# Summer League



## gi0rdun (May 31, 2007)

http://www.insidehoops.com/nba-summer-leagues.shtml

Bonzi should play in our Summer League team, maybe Snyder. Spanoulis should be playing and Eliyahu is rumored to go.


----------



## Cornholio (Feb 13, 2005)

There's no way Bonzi plays in the summer league (ego).

Of the guys we already have: VSpan, JLIII, Snyder and Reed should go.


----------



## gi0rdun (May 31, 2007)

If Bonzi was serious he really should play.

Novak and the draft pick should go.
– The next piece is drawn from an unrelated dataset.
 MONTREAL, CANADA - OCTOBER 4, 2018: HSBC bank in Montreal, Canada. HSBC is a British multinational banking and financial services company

Maybe Chuck will go too. 

Does anyone know where to watch the Summer League games/highlights?


----------



## CrackerJack (Jul 2, 2005)

Malick Badiane will probably come across again plus the undrafted FA's and vets were lookin at


----------



## Cornholio (Feb 13, 2005)

> With the Rockets' summer league team taking shape, it might be more noteworthy for who is not on it than who is.
> 
> Guard Vassilis Spanoulis has refused to participate in the camp — prior to the tournament or in the initial games of the tournament — before fulfilling his commitment to the Greek national team.
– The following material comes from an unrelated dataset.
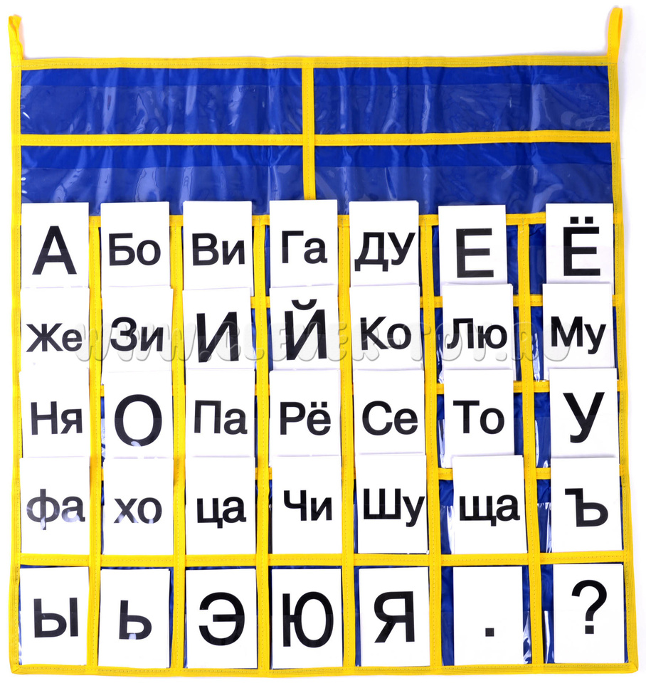 35 прозрачных кармашков (ширина 8 см) для букв, слогов и знаков,

> "We could force the issue," Morey said. "We're not ready to cause an international issue over summer league. We'd like him to be here. We've made that clear. We're not planning on that right now. We're trying to get him over here, even if it is for one or two games."
> 
> John Lucas III, last season's other rookie point guard, has committed to play in a third season of summer league, his second with the Rockets, along with Steve Novak and former Rice guard Mike Harris. Forward Lior Eliyahu, whom the Rockets took in last season's second round, is trying to work out details with the Israeli national team to play in Las Vegas with the Rockets, Morey said.
> 
> ...


Link

I still think VSpan will play for the Rockets next season.


----------



## gi0rdun (May 31, 2007)

Rosters are here http://www.realgm.com/src_feature_a...r_league_rosters_(updated_720_pm_est_monday)/

- Houston Rockets (Las Vegas)

Aaron Brooks
Drake Diener
Andre Emmett
Carl English
Mike Harris
Jeff Horner
Antanas Kavaliauskas
Carl Landry
Ron Lewis
John Lucas III
Ivan McFarlin
Brad Newley
Steve Novak

All the guys mentioned in the article above and more. 2 Midget point guards in the same team. Hayes isn't there. Ron Lewis is what we need. Ron Artest + Rashard Lewis 

All our rookies will be there, even Brad Newley. Does anyone know where one can watch these Summer League games?


----------



## gi0rdun (May 31, 2007)

Oi this Ron Lewis is no joke. He's on the NBA Summer League Rookie Radar and it says

Ron Lewis, Ohio State guard
Ohio State senior Ron Lewis helped Ohio State advance all the way to the NCAA Championship game. Since then, he's turned his attention to the NBA, and spoke briefly about the pre-Draft process. Lewis said, "I'm working on fine-tuning things, like my ballhandling. I'm still trying to (improve) my jump shot, and do the little things on defense." 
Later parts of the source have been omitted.